§ **Your assignment**
Reproduce the listing in full. Omit the pictures.

(Beginning of Source data)

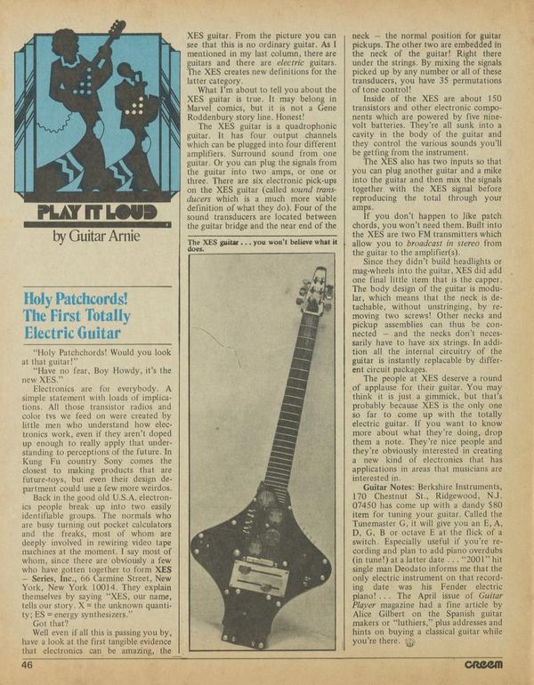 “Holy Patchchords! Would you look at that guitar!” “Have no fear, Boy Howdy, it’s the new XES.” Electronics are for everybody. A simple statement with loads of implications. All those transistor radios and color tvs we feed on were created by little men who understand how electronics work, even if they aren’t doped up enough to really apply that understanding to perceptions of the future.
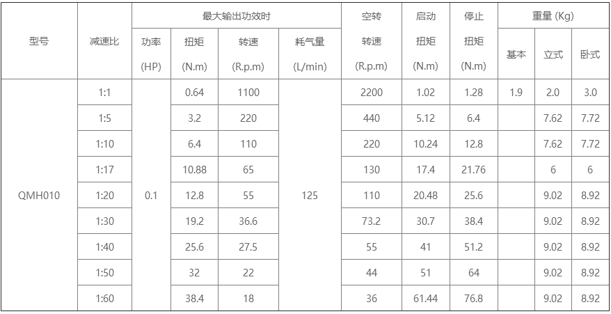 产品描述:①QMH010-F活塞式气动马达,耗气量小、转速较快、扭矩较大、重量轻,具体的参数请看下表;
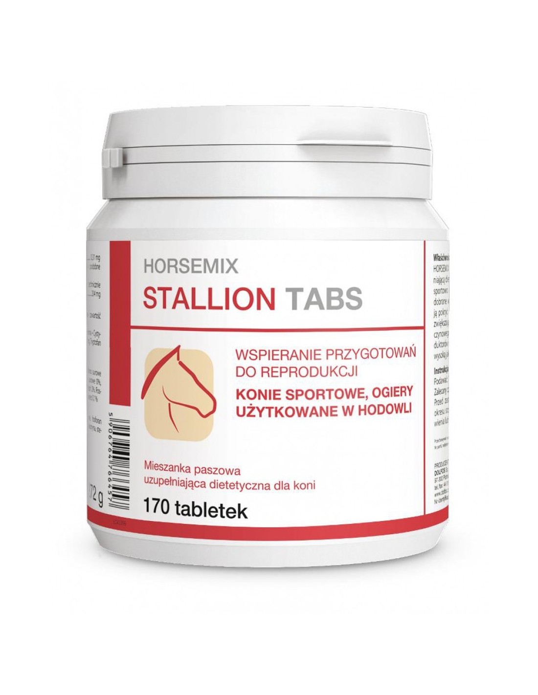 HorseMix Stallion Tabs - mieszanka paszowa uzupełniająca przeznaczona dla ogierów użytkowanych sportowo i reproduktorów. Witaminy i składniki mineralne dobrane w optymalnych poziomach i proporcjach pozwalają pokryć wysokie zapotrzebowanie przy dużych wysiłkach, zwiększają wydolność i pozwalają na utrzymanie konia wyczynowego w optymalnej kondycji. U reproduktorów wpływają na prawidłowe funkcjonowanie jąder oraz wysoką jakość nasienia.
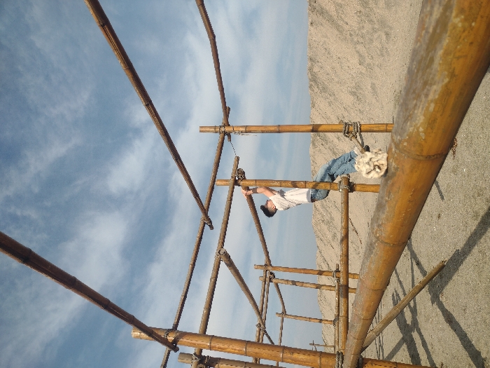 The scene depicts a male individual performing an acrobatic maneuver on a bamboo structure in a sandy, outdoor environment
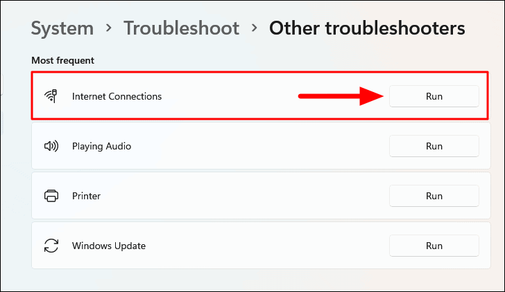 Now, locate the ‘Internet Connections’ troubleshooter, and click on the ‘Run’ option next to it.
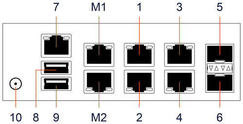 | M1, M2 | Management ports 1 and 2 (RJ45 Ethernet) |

(End of Source data)

§ **Solution for this exercise**
 “Holy Patchchords! Would you look at that guitar!” “Have no fear, Boy Howdy, it’s the new XES.” Electronics are for everybody. A simple statement with loads of implications. All those transistor radios and color tvs we feed on were created by little men who understand how electronics work, even if they aren’t doped up enough to really apply that understanding to perceptions of the future.
 产品描述:①QMH010-F活塞式气动马达,耗气量小、转速较快、扭矩较大、重量轻,具体的参数请看下表;
 HorseMix Stallion Tabs - mieszanka paszowa uzupełniająca przeznaczona dla ogierów użytkowanych sportowo i reproduktorów. Witaminy i składniki mineralne dobrane w optymalnych poziomach i proporcjach pozwalają pokryć wysokie zapotrzebowanie przy dużych wysiłkach, zwiększają wydolność i pozwalają na utrzymanie konia wyczynowego w optymalnej kondycji. U reproduktorów wpływają na prawidłowe funkcjonowanie jąder oraz wysoką jakość nasienia.
 The scene depicts a male individual performing an acrobatic maneuver on a bamboo structure in a sandy, outdoor environment
 Now, locate the ‘Internet Connections’ troubleshooter, and click on the ‘Run’ option next to it.
 | M1, M2 | Management ports 1 and 2 (RJ45 Ethernet) |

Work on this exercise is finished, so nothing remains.